Alright, so I know this is a sharp veer away from the summer's mission to barrel through all the artists playing at Lollapalooza this summer. But the thing is, I really like the Spice Girls.
They're not very good singers. They sound timid live, probably because they're young and inexperienced. They each answered an ad in a theater trade magazine: "WANTED: R.U. 18–23 with the ability to sing/dance? R.U. streetwise, outgoing, ambitious, and dedicated? Heart Management Ltd. are a widely successful music industry management consortium currently forming a choreographed, singing/dancing, all-female pop act for a recording deal. Open audition. Danceworks, 16 Balderton Street. Friday 4 March. 11 am-5:30 pm. Please bring sheet music or backing cassette."*
I mean, how creepy is that?
The ad promised fame, and it delivered. Of course, that was after the group had split from Heart Management, taken all the routines and songs they'd learned, and showed them to Simon Fuller, who got them a deal at Virgin Records -- so, you know, it was a winding road. They made millions of dollars and revolutionized pop merchandising and bestowed a British-flag-and-"Girl Power"-emblazoned umbrella over the decade. Then Ginger effectively broke the spell by leaving the group after just two years of international stardom, Posh (the worst singer, in my opinion) married Beckham, and their lives are forever interesting to us because of what they did in their teens and twenties.

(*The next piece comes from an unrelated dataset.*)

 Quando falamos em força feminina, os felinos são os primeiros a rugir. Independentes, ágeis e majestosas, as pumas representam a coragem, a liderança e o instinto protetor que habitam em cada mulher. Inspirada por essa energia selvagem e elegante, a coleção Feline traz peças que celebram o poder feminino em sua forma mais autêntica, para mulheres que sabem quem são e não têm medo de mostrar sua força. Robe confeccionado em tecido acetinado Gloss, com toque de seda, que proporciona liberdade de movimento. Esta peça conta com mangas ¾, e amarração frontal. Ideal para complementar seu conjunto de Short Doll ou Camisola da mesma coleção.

For teen pop, it really is good music. I listened to this song with my roommate tonight, at top volume and dancing as we made lunch for tomorrow and got ready for bed, and damn if I don't remember every single word. It's catchy, it's happy, and I realized it was the Spice Girls who first taught me how to appreciate harmony.
Sorry, Beatles. Sorry, Aerosmith. Sorry Crosby, and Stills, and Nash. It was Sporty, Baby, Posh, Scary, and Ginger whose songs I sang, whose harmonies I improvised, whose music video dances I learned. (Did you know the "Wannabe" video was filmed in one, unbroken shot?)

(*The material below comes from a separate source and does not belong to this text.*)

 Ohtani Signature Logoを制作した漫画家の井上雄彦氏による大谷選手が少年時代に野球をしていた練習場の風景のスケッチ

It was probably a good thing I didn't watch them live. They really are sort of awful.
But you have to admit, that was some career to stumble into after answering a classified ad promising a recording deal. In the age of American Idol and the X Factor and the Voice and is there something called Duets now? I can't keep track. But these days, you don't get famous by answering a classified ad -- at least, not in a way you'd write to mom about.
But back in my day, in the mid-nineties, when I was singing Hanson into a hairbrush and wearing out my VHS copy of the girls' awful (but sort of wonderful) (but actually awful) full-length feature film Spice World -- a girl could dream.
The stance of Girl Power. Via The Guardian
* Note: All quoted history taken from Wikipedia, so, you know, I'm fairly sure it's accurate. Why would Wikipedia lie to me, right?